*** COLLECTED MATERIAL ***

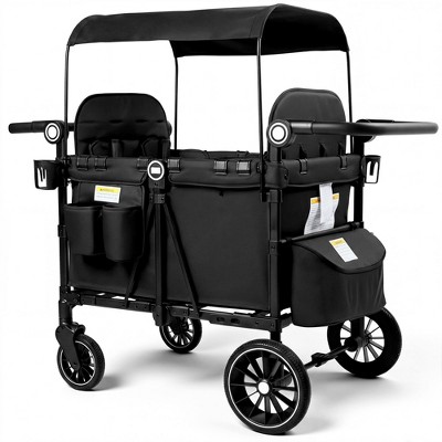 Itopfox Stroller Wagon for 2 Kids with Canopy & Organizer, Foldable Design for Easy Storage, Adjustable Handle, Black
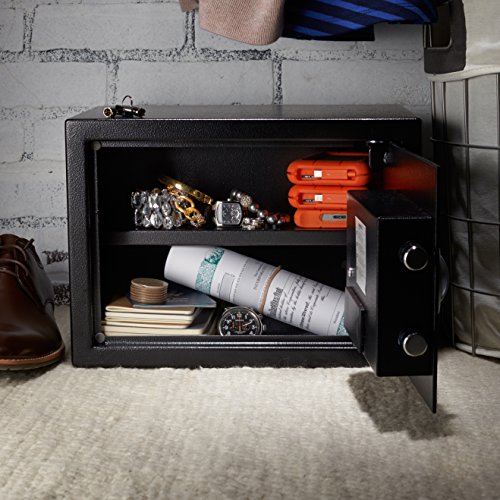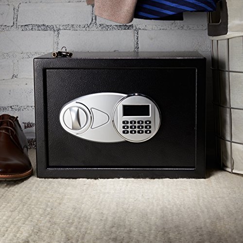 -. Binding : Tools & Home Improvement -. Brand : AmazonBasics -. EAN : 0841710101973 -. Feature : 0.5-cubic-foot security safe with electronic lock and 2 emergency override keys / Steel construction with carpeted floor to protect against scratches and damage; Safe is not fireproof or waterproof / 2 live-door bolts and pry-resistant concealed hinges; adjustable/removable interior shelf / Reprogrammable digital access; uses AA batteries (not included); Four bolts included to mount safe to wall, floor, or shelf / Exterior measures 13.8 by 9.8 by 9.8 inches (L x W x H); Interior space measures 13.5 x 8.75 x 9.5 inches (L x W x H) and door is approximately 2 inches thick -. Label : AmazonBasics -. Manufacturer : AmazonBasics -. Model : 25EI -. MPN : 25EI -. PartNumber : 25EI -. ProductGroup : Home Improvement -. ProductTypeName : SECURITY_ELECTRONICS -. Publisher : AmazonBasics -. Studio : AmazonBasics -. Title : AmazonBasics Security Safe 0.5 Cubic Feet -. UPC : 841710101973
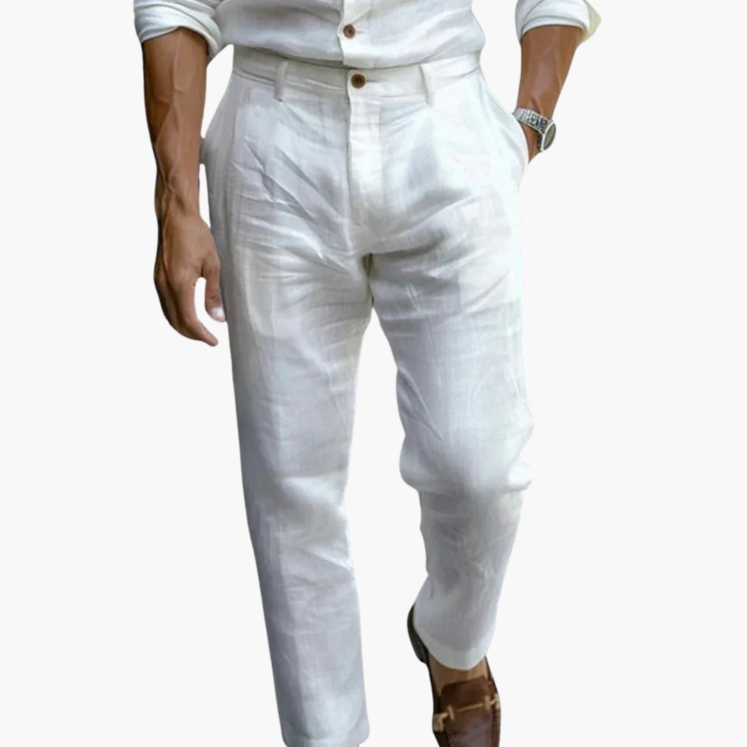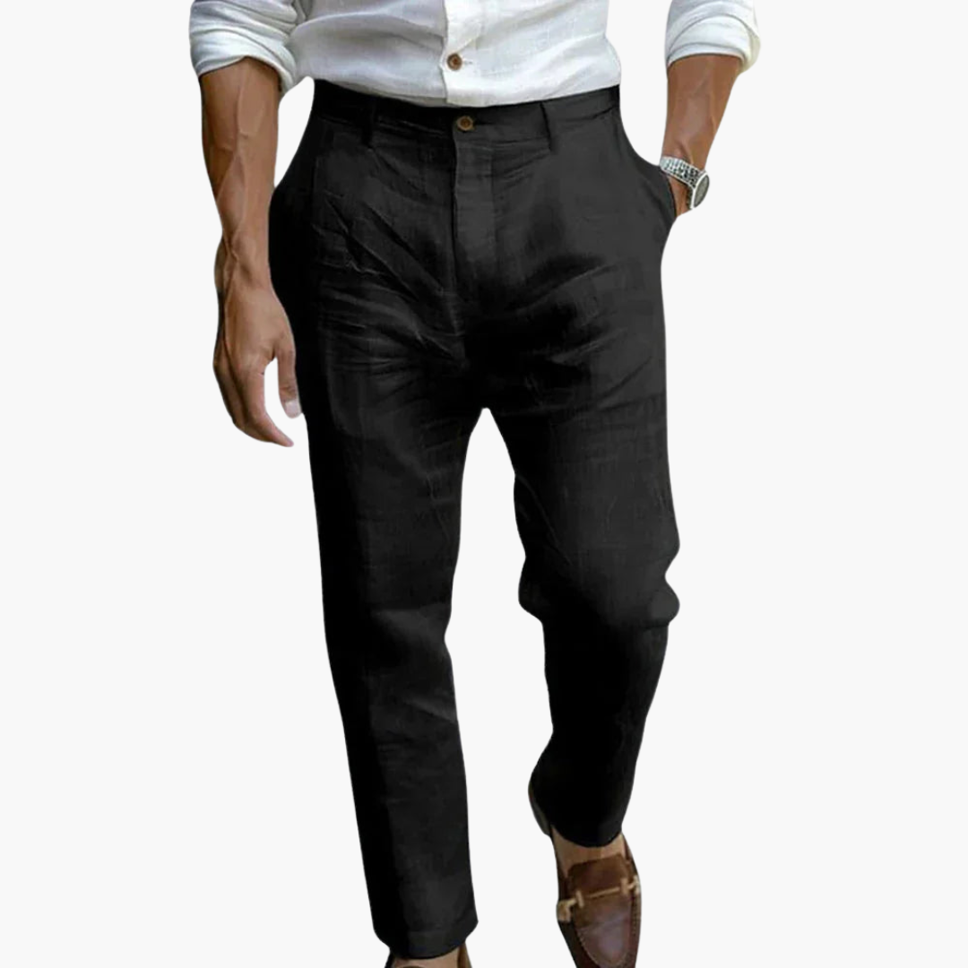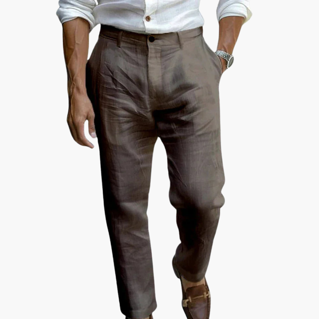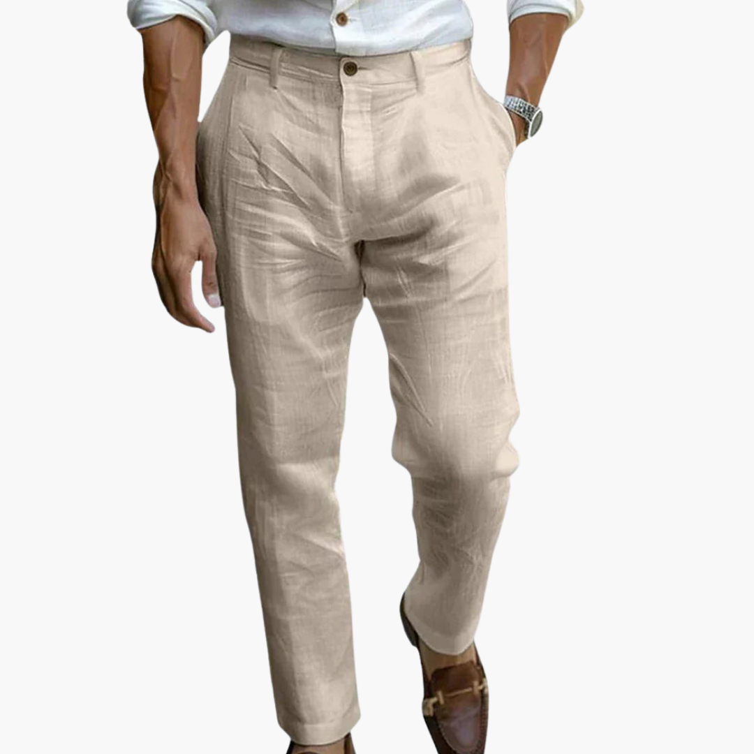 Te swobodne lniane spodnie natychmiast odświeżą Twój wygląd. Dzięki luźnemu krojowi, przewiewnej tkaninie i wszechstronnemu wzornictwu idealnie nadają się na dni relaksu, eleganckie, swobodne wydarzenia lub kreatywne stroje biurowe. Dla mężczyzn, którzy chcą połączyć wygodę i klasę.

***

Transcribe all of the data above exactly; no picture belongs in the copy.

 Itopfox Stroller Wagon for 2 Kids with Canopy & Organizer, Foldable Design for Easy Storage, Adjustable Handle, Black
 -. Binding : Tools & Home Improvement -. Brand : AmazonBasics -. EAN : 0841710101973 -. Feature : 0.5-cubic-foot security safe with electronic lock and 2 emergency override keys / Steel construction with carpeted floor to protect against scratches and damage; Safe is not fireproof or waterproof / 2 live-door bolts and pry-resistant concealed hinges; adjustable/removable interior shelf / Reprogrammable digital access; uses AA batteries (not included); Four bolts included to mount safe to wall, floor, or shelf / Exterior measures 13.8 by 9.8 by 9.8 inches (L x W x H); Interior space measures 13.5 x 8.75 x 9.5 inches (L x W x H) and door is approximately 2 inches thick -. Label : AmazonBasics -. Manufacturer : AmazonBasics -. Model : 25EI -. MPN : 25EI -. PartNumber : 25EI -. ProductGroup : Home Improvement -. ProductTypeName : SECURITY_ELECTRONICS -. Publisher : AmazonBasics -. Studio : AmazonBasics -. Title : AmazonBasics Security Safe 0.5 Cubic Feet -. UPC : 841710101973
 Te swobodne lniane spodnie natychmiast odświeżą Twój wygląd. Dzięki luźnemu krojowi, przewiewnej tkaninie i wszechstronnemu wzornictwu idealnie nadają się na dni relaksu, eleganckie, swobodne wydarzenia lub kreatywne stroje biurowe. Dla mężczyzn, którzy chcą połączyć wygodę i klasę.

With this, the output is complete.